- **Exercise**: All lines from the one holding "Не пробивал. Гаек" through the last line of the entries below must be transcribed exactly, and no others. Pictures do not go in.

::::

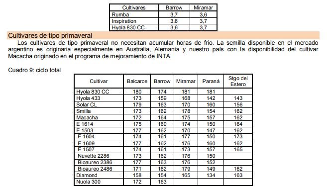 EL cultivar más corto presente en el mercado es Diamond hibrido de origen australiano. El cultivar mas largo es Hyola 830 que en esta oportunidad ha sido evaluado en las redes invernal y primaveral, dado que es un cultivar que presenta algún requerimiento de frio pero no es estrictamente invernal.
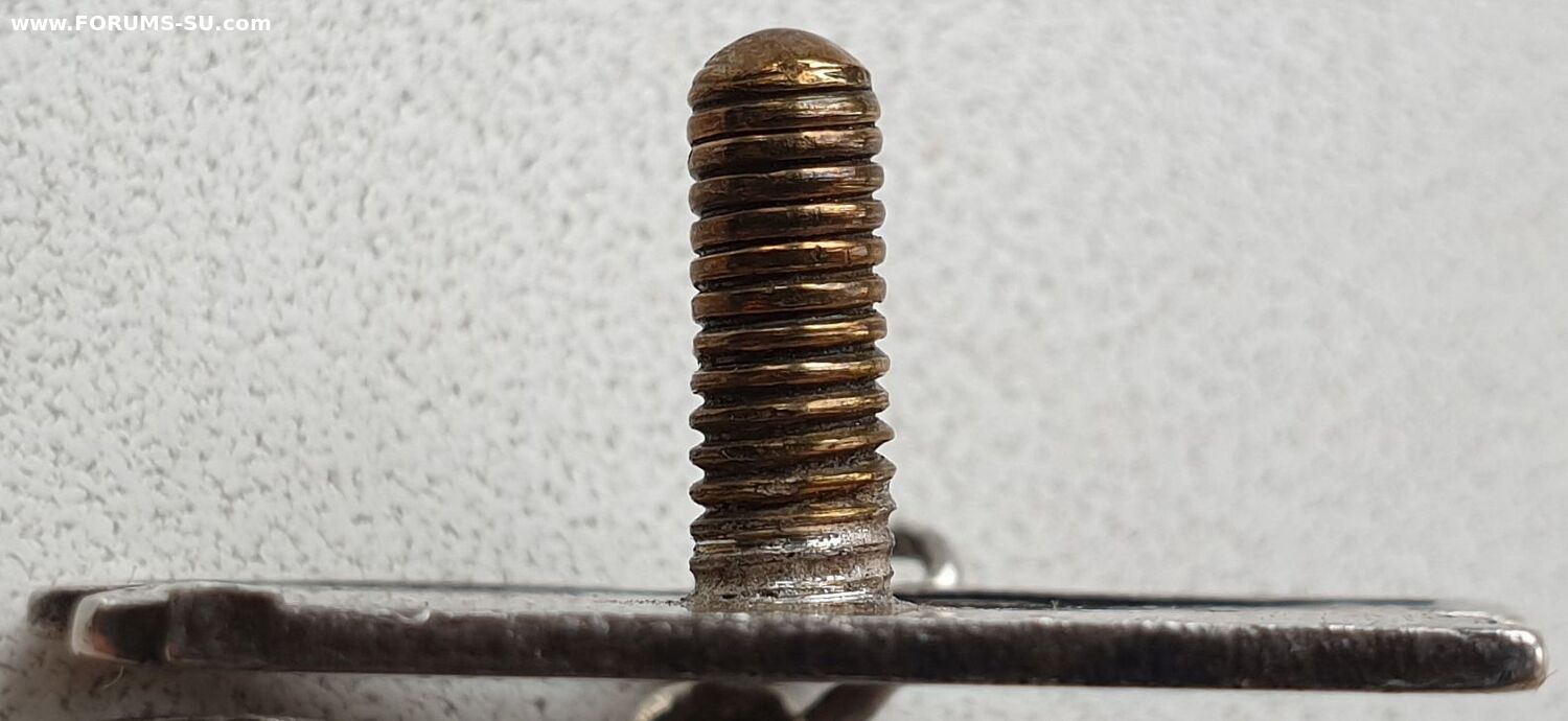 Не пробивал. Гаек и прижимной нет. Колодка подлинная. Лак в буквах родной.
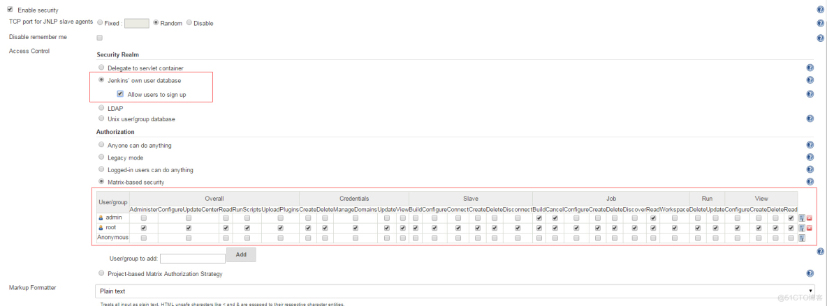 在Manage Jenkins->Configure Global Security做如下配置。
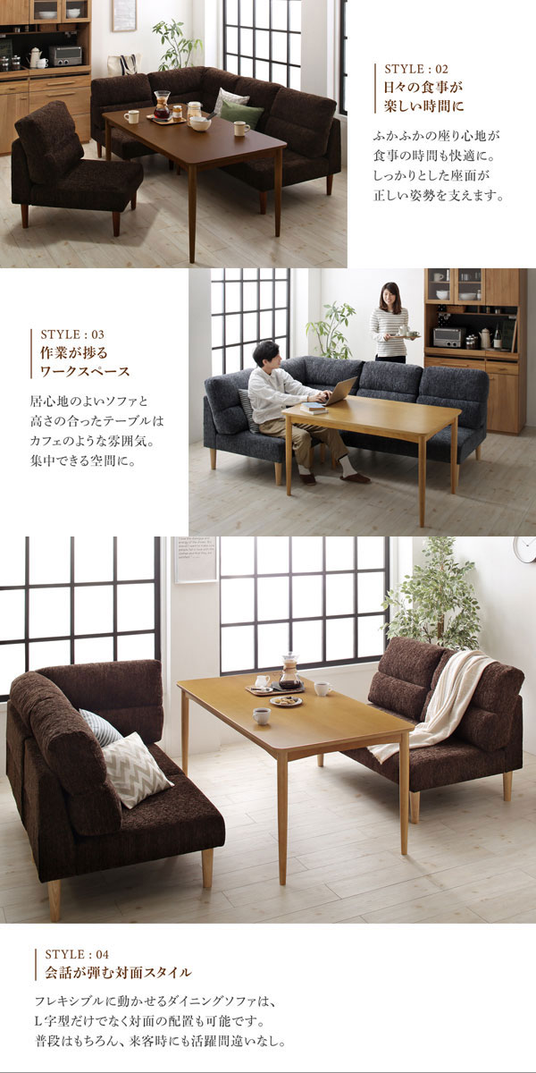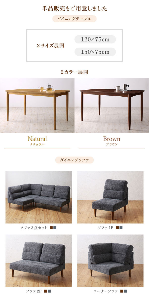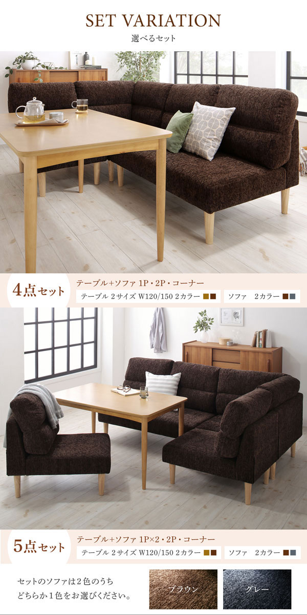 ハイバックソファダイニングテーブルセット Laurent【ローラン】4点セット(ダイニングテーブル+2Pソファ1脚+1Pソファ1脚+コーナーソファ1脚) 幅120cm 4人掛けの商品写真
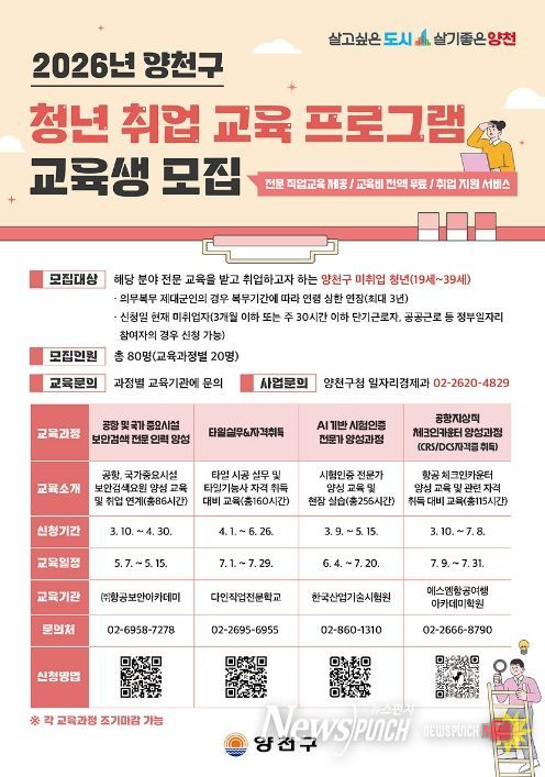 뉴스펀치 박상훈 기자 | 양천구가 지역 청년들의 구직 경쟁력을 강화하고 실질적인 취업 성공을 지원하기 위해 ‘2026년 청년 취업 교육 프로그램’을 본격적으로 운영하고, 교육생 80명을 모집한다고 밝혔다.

::::

- **Exercise solution**:
 Не пробивал. Гаек и прижимной нет. Колодка подлинная. Лак в буквах родной.
 在Manage Jenkins->Configure Global Security做如下配置。
 ハイバックソファダイニングテーブルセット Laurent【ローラン】4点セット(ダイニングテーブル+2Pソファ1脚+1Pソファ1脚+コーナーソファ1脚) 幅120cm 4人掛けの商品写真
 뉴스펀치 박상훈 기자 | 양천구가 지역 청년들의 구직 경쟁력을 강화하고 실질적인 취업 성공을 지원하기 위해 ‘2026년 청년 취업 교육 프로그램’을 본격적으로 운영하고, 교육생 80명을 모집한다고 밝혔다.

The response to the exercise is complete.